◆ Exercise aim:
The material below holds the lines to copy: from the one with "下の子が「僕のカバンに付ける!」と持って行き その後、お盆を過ぎてもチャンと付けてます。 |" up to and including the one with "Sie kommt unerwartet". Copy them exactly and skip the pictures.

[[ The data open ]]

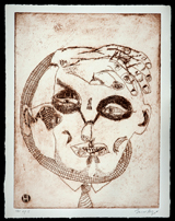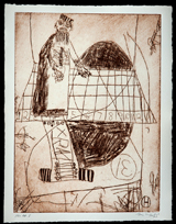 Disembodied and ghostly, a face hovers to the right of two truncated figures in the equally edgy work, The Observer and the Observed, its presence as inexplicable and irrational as the bright-eyed lamb in Chagall’s lyrical evocation of his Eastern European home, I And The Village. Here, with Hafftka, the drama is tinged with a modern, very personal ambiguity. In Hafftka’s painting, The Selecting Hand, similarly insubstantial, possibly imaginary forms appear against a backdrop whose sooty blackness is relieved only by smoky suggestions of random urban artifacts: stair steps leading nowhere, crenellated walls or gap-toothed fences through which a skeletal figure peers, amid rotting pilings rising from an invisible waterway, and fragmentary figures fading in and out of view.
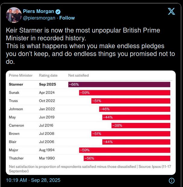 Starmer har et fast greb om magten, og ikke mindst om politiet, som jo mestendels består af muhamedanere! Den britiske hær er nu en skygge af sig selv, så glem dem. Nigel Farage står stærkt i meningsmålingerne men får ikke en chance, hans parti er et “arbejderparti” der ikke danser med de andre, og hans forbindelser med “systemet” er formentlig nul. Man ordner ham og partiet med juridiske tricks. Måske har briterne haft det sidste frie valg..
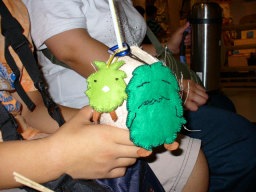 | ← このモリゾー・キッコロは中森さんの奥さんから 「私達夫婦は絶対に行かないから代わりに連れて行って〜」 のメッセージと共に、「お中元?」として頂いたもので、 ヤシの実ジュースと記念写真です! 最初は私のカバンに付けていたんですが、 下の子が「僕のカバンに付ける!」と持って行き その後、お盆を過ぎてもチャンと付けてます。 |
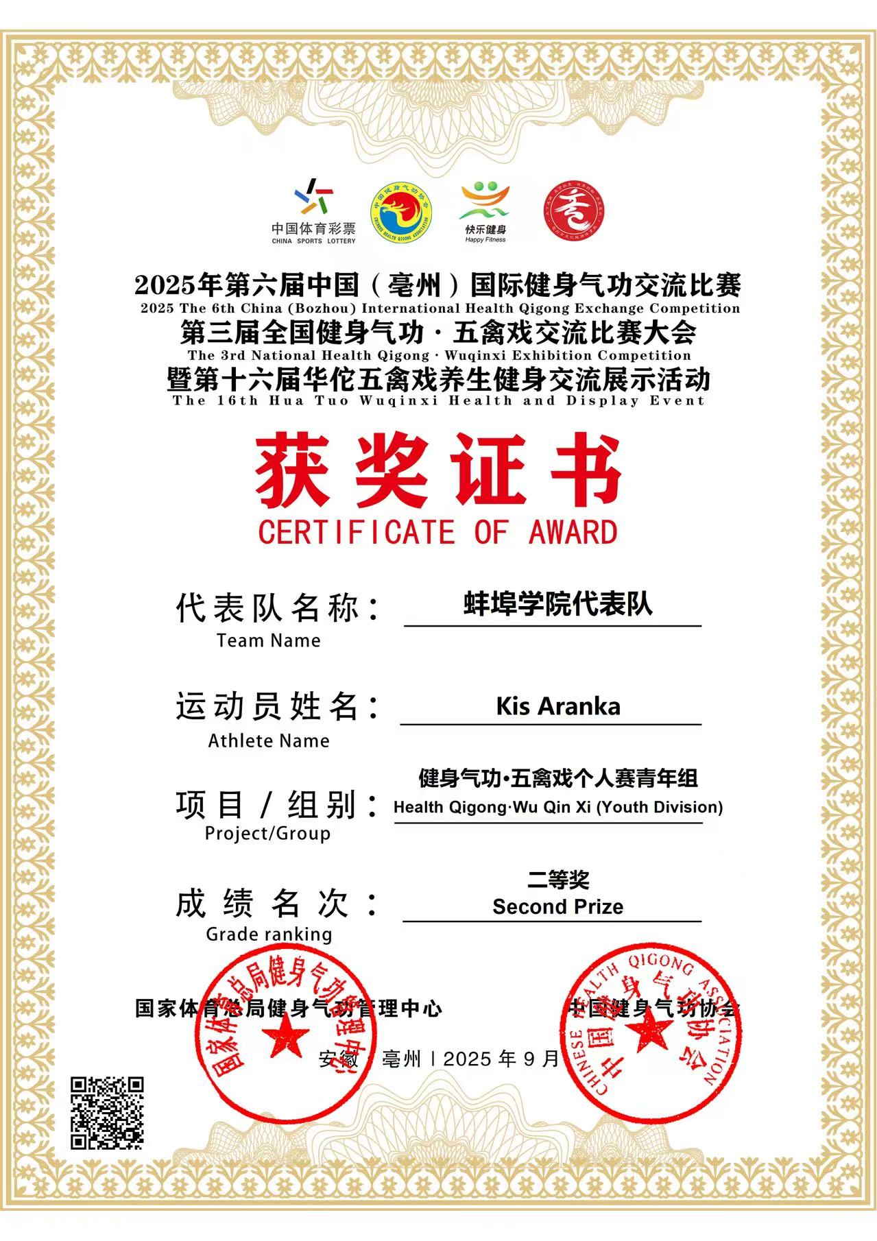 在近期的第六届中国(亳州)国际健身气功交流比赛中,bat365官网匈牙利籍教师Kis Aranka凭借出色的演绎和对健身气功的深刻理解,荣获二等奖,不仅为学校增添了光彩,也为中外文化交流搭建了新的桥梁。
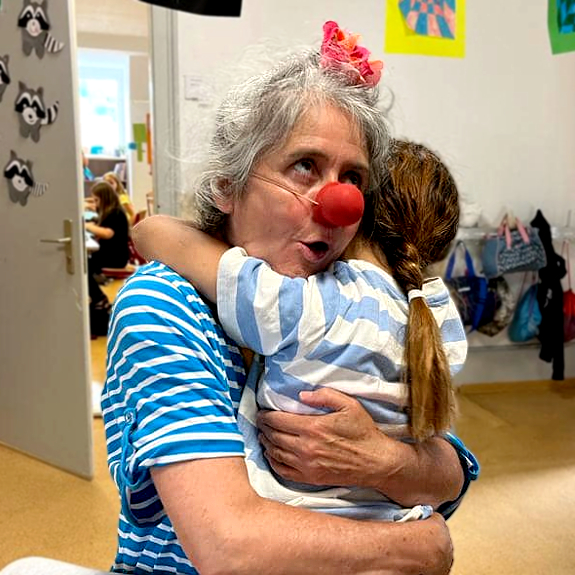 Sie kommt unerwartet und überrascht die Kinder mit lustigen improvisierten Spielen, mit Liedern, Gedichten und Rätseln. Modelierballons oder Einweghandschuhe werden aufgeblasen und zu Figuren geformt, Seifenblasen steigen auf, und die Wellen des EKG werden zu einem großen Meer und das Bett zum Schiff.
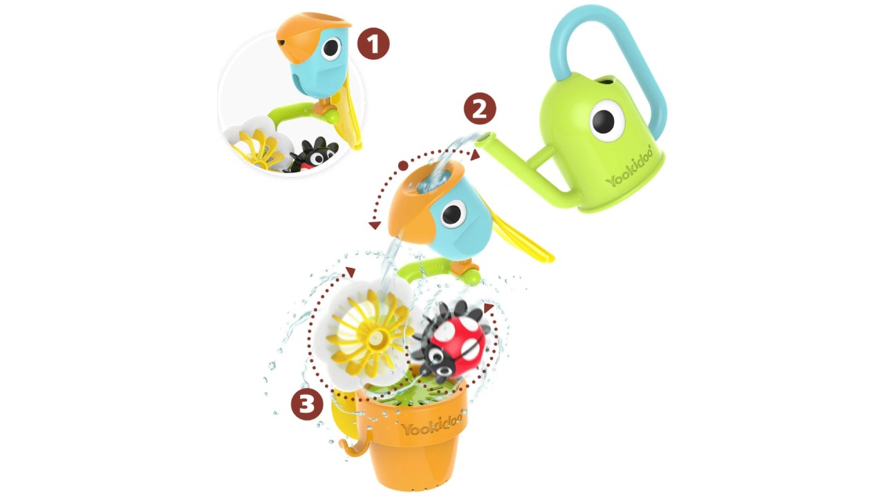 O jucărie pentru baie cu tematică de grădină, un ghiveci cu o pasăre care se răstoarnă, o floare care se învârte și o buburuză. Include și o stropitoare care poate fi folosită pentru a uda pasărea din vârful ghiveciului și a declanșa o reacție în lanț de distracție!
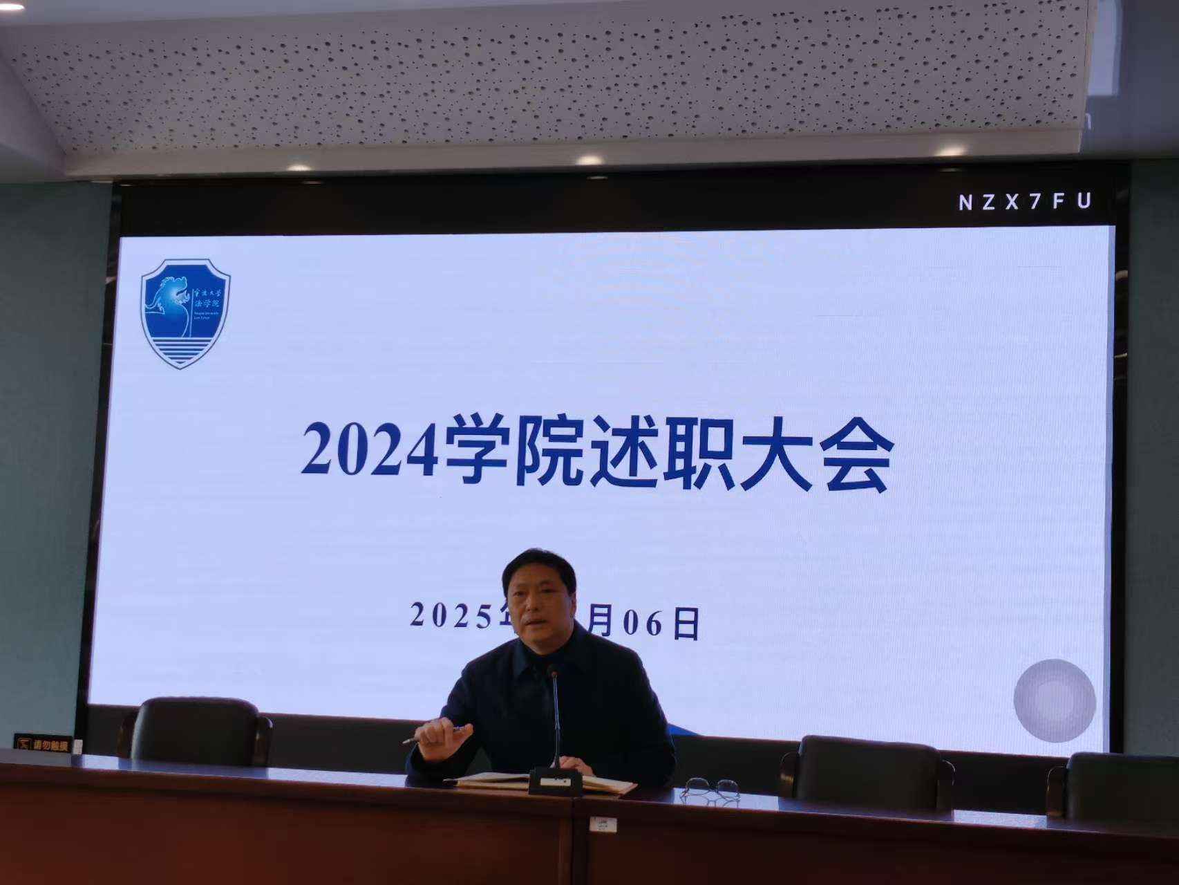 接着,学院党委书记孙芬娜、院长梁开银相继作《个人述职报告》,他们的报告全面涵盖了2024年一年的工作情况、取得的成绩、存在的问题与不足等方面。梁开银院长重点回顾了学院在教学、科研、涉外法治基地建设等方面所取得的成果和下一步的工作举措,肯定了一年来学院基础性和常规性工作的平稳有序,并对未来一年学院的创新性工作进行了展望。
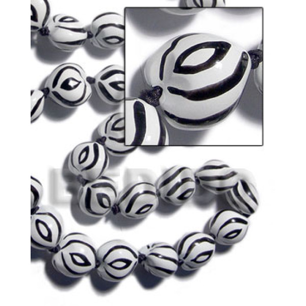 7 pcs. 20mmx20mm brownlip squares in black criss cross wax cord wood beads..
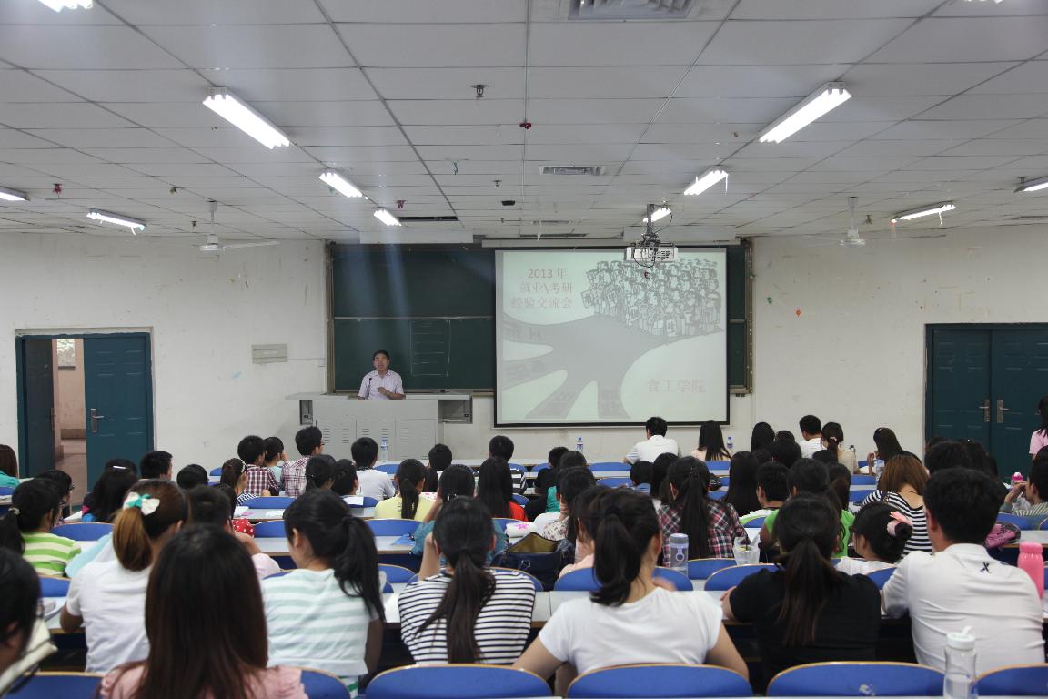 吴占超副书记就食工学院近几年的考研及就业情况作了说明,就明年的就业形势进行了预测,动员和鼓励学生们开阔视野、扩大就业渠道,积极备考研究生和参加就业单位招聘,同时要求同学们之间要相互鼓励、相互支持、相互帮助,营造良好的氛围。刘延奇副院长对考研目标的明确、困难的克服、面临的抉择以及相关注意事项做了较为详细的讲解。最后,考取中国农业大学、江南大学等名牌大学研究生及部分就业突出的2013届毕业生代表总结了部分考研科目的备考方法、就业技巧、特别注意事项,积极和同学们交流心得体会,把成功的经验与学弟学妹进行了分享。
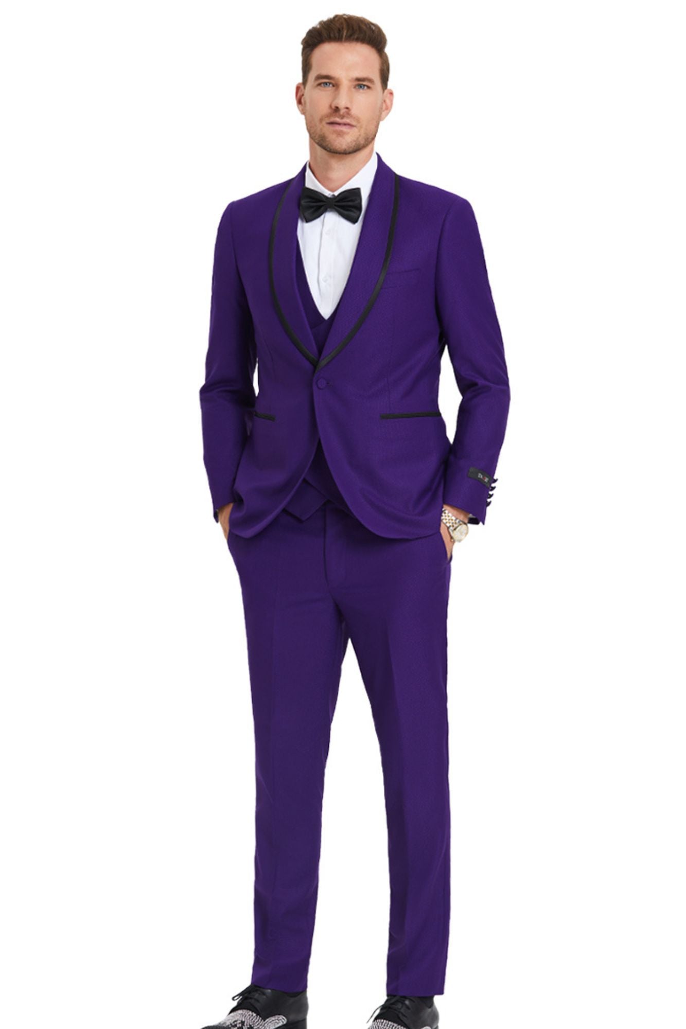 Tranquility Collection: Men's Birdseye 3-Piece Suit In Purple - Slim Fit

[[ The data closed ]]

◆ Reply to the task:
 | ← このモリゾー・キッコロは中森さんの奥さんから 「私達夫婦は絶対に行かないから代わりに連れて行って〜」 のメッセージと共に、「お中元?」として頂いたもので、 ヤシの実ジュースと記念写真です! 最初は私のカバンに付けていたんですが、 下の子が「僕のカバンに付ける!」と持って行き その後、お盆を過ぎてもチャンと付けてます。 |
 在近期的第六届中国(亳州)国际健身气功交流比赛中,bat365官网匈牙利籍教师Kis Aranka凭借出色的演绎和对健身气功的深刻理解,荣获二等奖,不仅为学校增添了光彩,也为中外文化交流搭建了新的桥梁。
 Sie kommt unerwartet und überrascht die Kinder mit lustigen improvisierten Spielen, mit Liedern, Gedichten und Rätseln. Modelierballons oder Einweghandschuhe werden aufgeblasen und zu Figuren geformt, Seifenblasen steigen auf, und die Wellen des EKG werden zu einem großen Meer und das Bett zum Schiff.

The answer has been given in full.